Required action: Pictures are not part of the copy; retype all the records below exactly.

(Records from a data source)
-*-*-

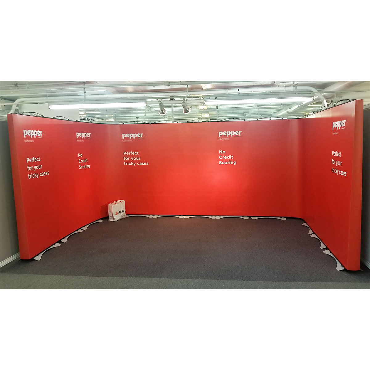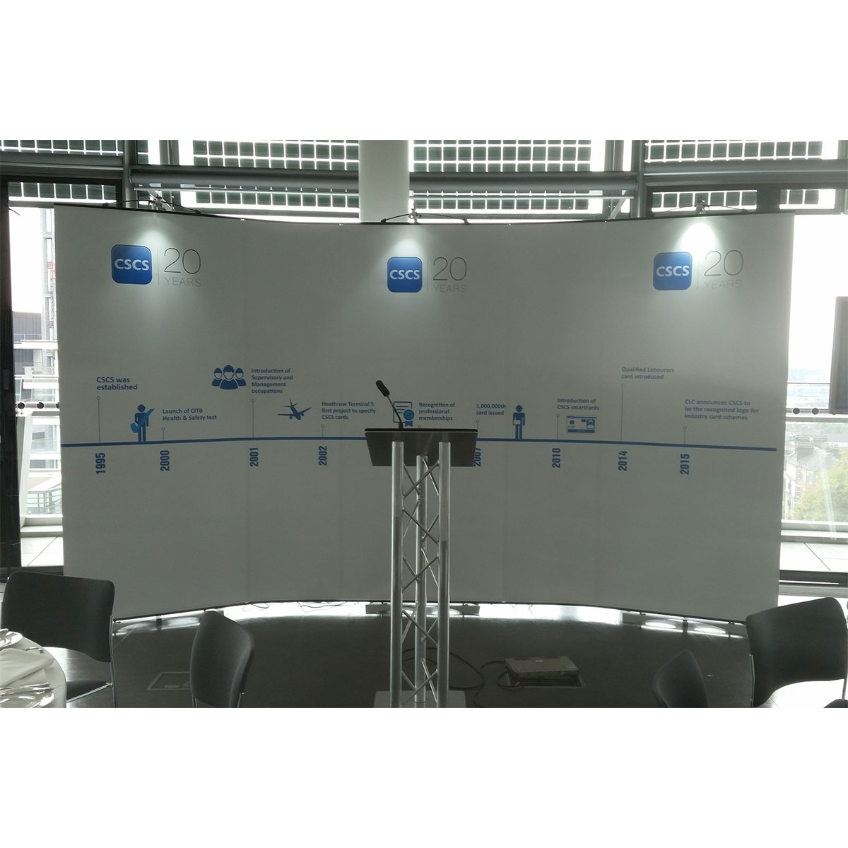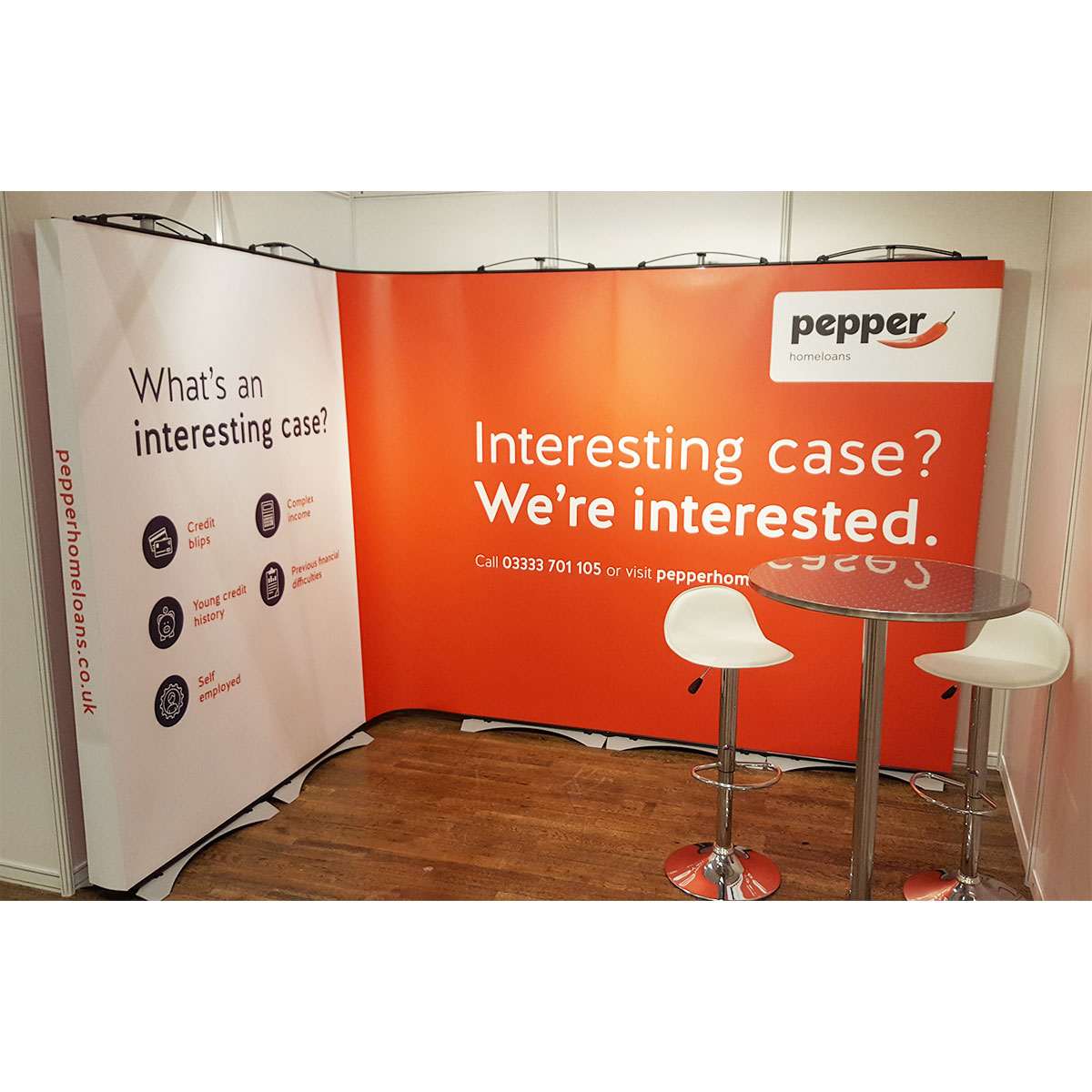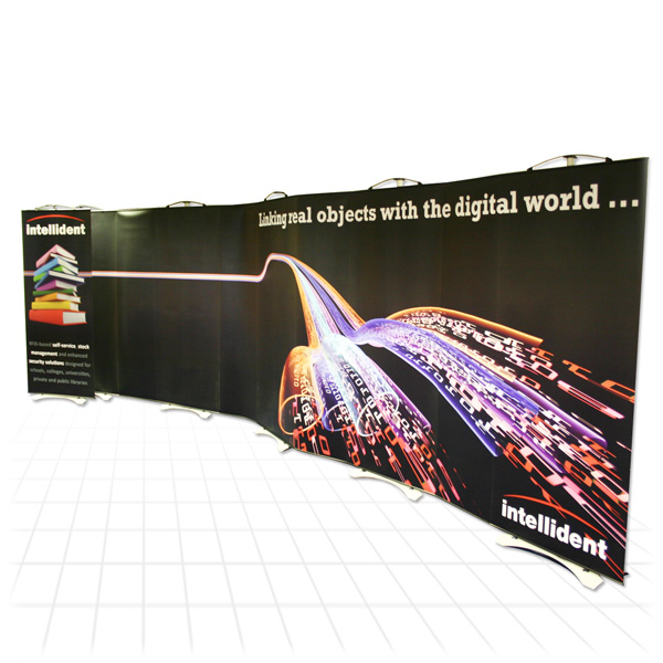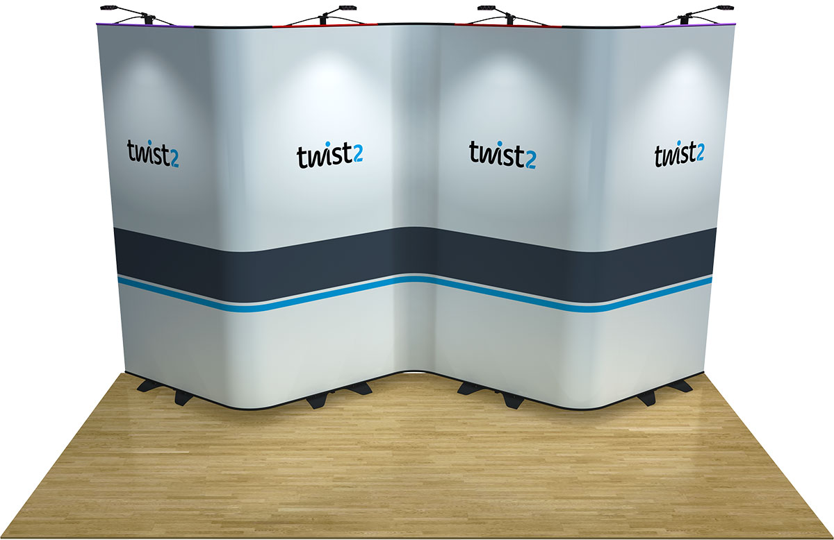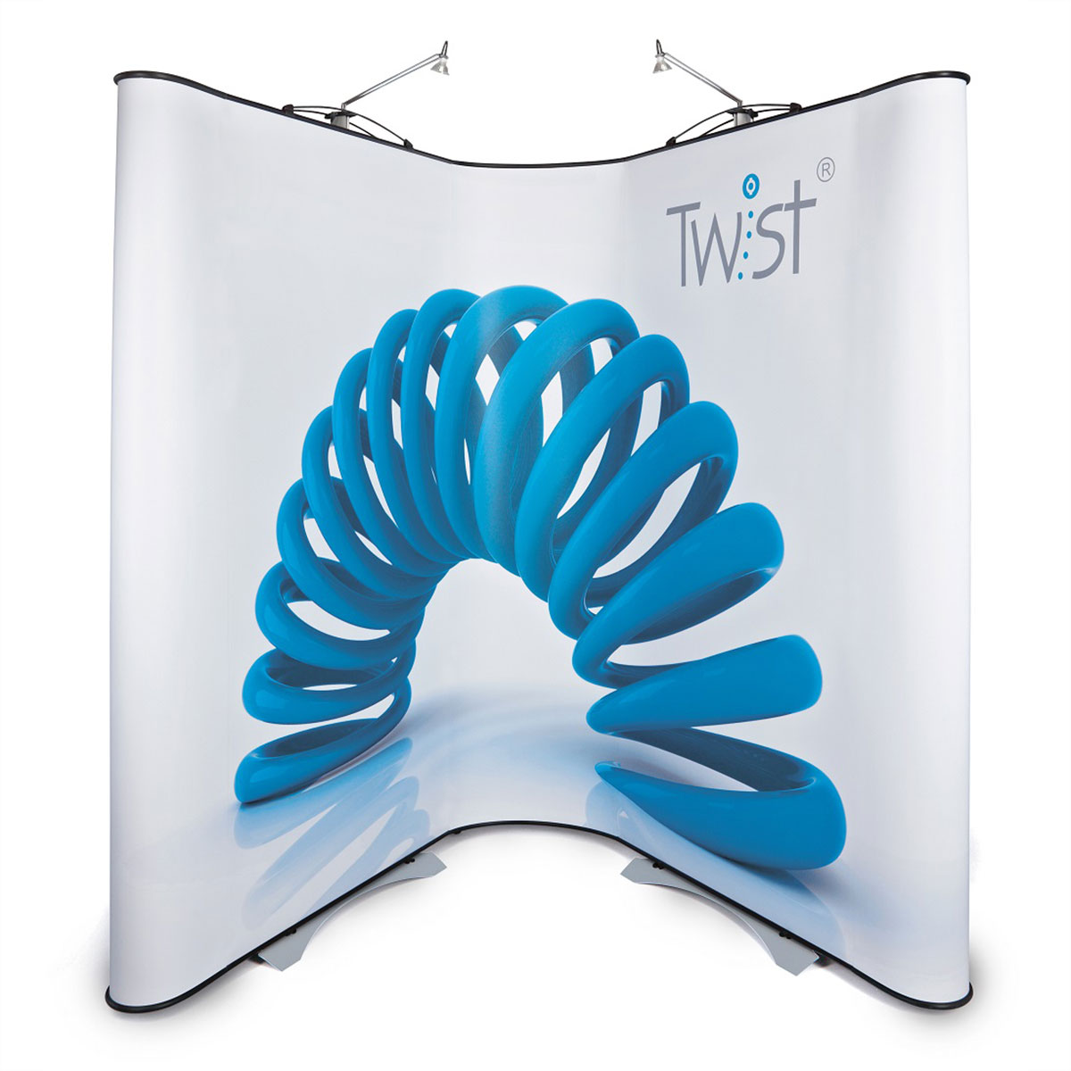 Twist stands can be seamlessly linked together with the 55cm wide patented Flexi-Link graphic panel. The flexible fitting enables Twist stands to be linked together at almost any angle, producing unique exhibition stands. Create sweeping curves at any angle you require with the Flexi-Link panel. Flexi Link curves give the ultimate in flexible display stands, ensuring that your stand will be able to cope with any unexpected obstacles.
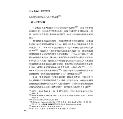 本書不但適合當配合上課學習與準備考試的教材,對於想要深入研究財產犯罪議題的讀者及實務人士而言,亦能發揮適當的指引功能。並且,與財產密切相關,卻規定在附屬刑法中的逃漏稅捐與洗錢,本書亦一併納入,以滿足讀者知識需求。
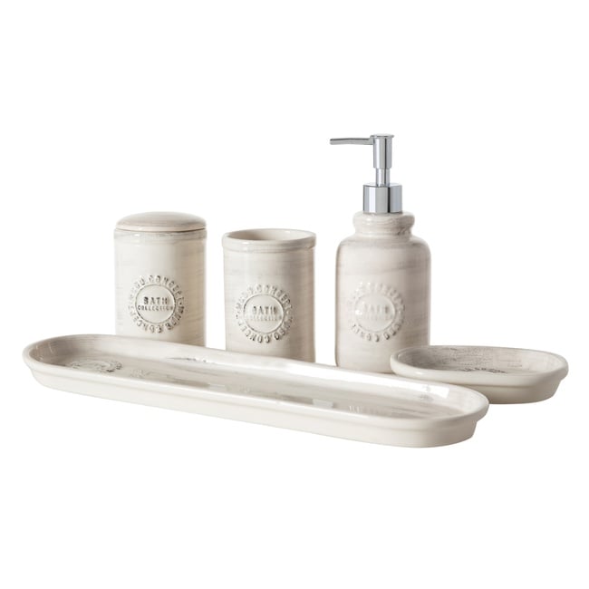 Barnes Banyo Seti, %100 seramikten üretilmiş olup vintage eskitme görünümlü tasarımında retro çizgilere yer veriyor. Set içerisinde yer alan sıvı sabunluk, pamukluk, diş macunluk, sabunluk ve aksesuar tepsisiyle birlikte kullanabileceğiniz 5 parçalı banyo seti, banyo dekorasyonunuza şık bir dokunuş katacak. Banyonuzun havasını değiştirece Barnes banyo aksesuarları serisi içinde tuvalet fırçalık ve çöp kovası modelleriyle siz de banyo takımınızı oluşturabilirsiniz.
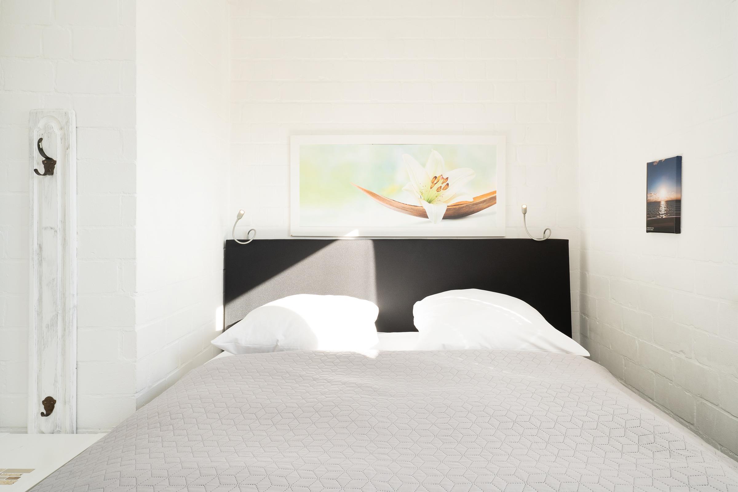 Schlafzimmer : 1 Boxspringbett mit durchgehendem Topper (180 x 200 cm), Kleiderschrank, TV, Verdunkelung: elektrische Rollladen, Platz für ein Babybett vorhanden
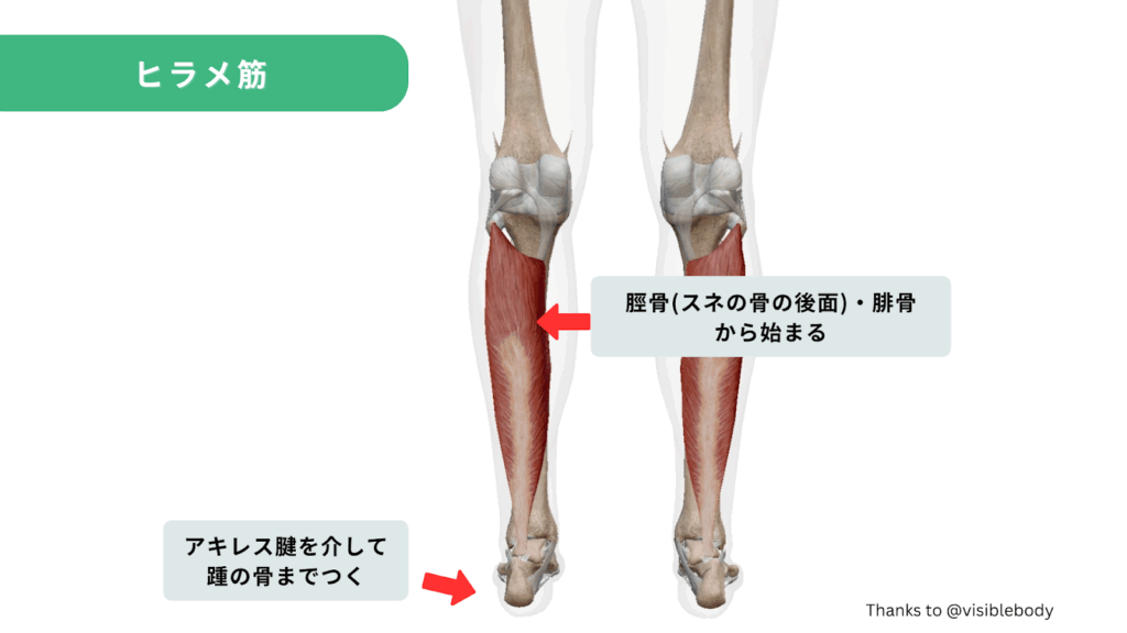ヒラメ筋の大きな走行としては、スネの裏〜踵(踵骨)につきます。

-*-*-

Result of the exercise:
 Twist stands can be seamlessly linked together with the 55cm wide patented Flexi-Link graphic panel. The flexible fitting enables Twist stands to be linked together at almost any angle, producing unique exhibition stands. Create sweeping curves at any angle you require with the Flexi-Link panel. Flexi Link curves give the ultimate in flexible display stands, ensuring that your stand will be able to cope with any unexpected obstacles.
 本書不但適合當配合上課學習與準備考試的教材,對於想要深入研究財產犯罪議題的讀者及實務人士而言,亦能發揮適當的指引功能。並且,與財產密切相關,卻規定在附屬刑法中的逃漏稅捐與洗錢,本書亦一併納入,以滿足讀者知識需求。
 Barnes Banyo Seti, %100 seramikten üretilmiş olup vintage eskitme görünümlü tasarımında retro çizgilere yer veriyor. Set içerisinde yer alan sıvı sabunluk, pamukluk, diş macunluk, sabunluk ve aksesuar tepsisiyle birlikte kullanabileceğiniz 5 parçalı banyo seti, banyo dekorasyonunuza şık bir dokunuş katacak. Banyonuzun havasını değiştirece Barnes banyo aksesuarları serisi içinde tuvalet fırçalık ve çöp kovası modelleriyle siz de banyo takımınızı oluşturabilirsiniz.
 Schlafzimmer : 1 Boxspringbett mit durchgehendem Topper (180 x 200 cm), Kleiderschrank, TV, Verdunkelung: elektrische Rollladen, Platz für ein Babybett vorhanden
ヒラメ筋の大きな走行としては、スネの裏〜踵(踵骨)につきます。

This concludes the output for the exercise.